Christmas shopping


An English tourist asks me if I’m keen on internet shopping.

“No, by God!” I reply emphatically. “In the first place, the monkeys would steal the goods I ordered. In the second place, there is nothing I would wish to order.”


“There must be something you want!” he exclaims. “Even gorillas need their toys.”


“It’s not a question of toys, my good man, but of trust! Didn’t you hear of the scoundrels who were arrested for selling
fake penises on the internet? May they languish in gaol until they repent of their phallic fraud!”

“Seems a bit harsh,” he remarks. “If impersonating a cock is an imprisonable offence, half the male population of Dagenham should be doing time.”

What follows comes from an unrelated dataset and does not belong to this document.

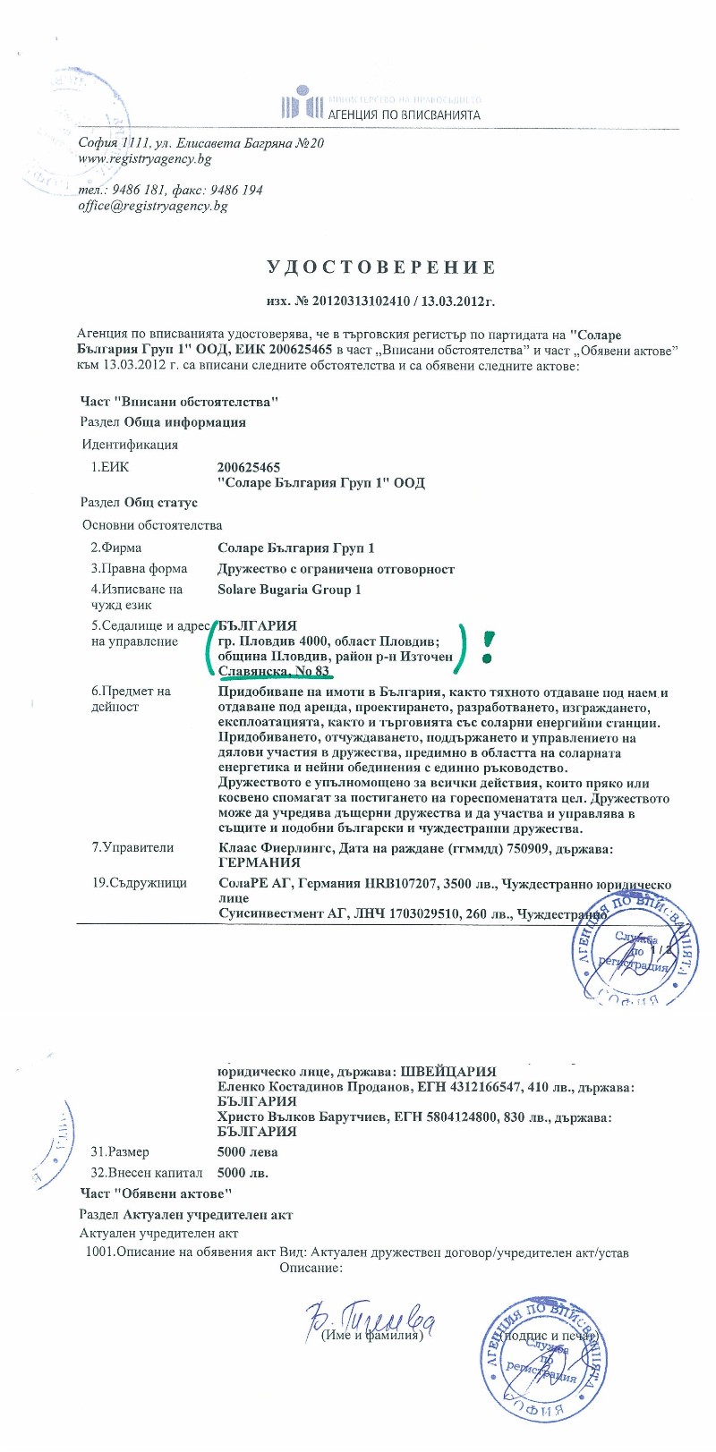 Übrigens sind neben der Adresse auch die Telefonnummern der Solare Bulgaria Group 1 OOD und der BIO GARD OOD identisch (00359 032 625391), und wenn man dort anruft, landet man bei einer bulgarischen Anwaltskanzlei, scheint beliebt zu sein...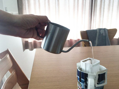 在宅勤務時に、気分転換に家でコーヒーを淹れることが増えました。でも夫はそんなにコーヒー飲まないし、1杯だけ淹れることがほとんど。ドリップポットを使うほどではないのでワンドリップポテが活躍しています。沸かしたお湯をワンドリップポテに移すことで適温になり、1杯分の量も測れて細ーく注げます。

Not being familiar with Dagenham, I decide to let him have the last word. I’m sure the place is nothing like as bad as he implies. All the same, I’ll remember to avoid it the next time I’m in England. Why take a chance?


It seems that a lot of people are using the internet as a less stressful way of doing their Christmas shopping. Thankfully, we don’t bother with such soulless chores in the jungle. Every Christmas, I present the manager of the safari camp with some freshly picked fruit and he gives me a portrait photo of his wife in return. A very good one, I should add. Someone must be pinching her bottom to get such expressions out of her. Anyway, these friendly gestures of seasonal goodwill do away with the need for vulgar commercialism and its attendant cash transactions.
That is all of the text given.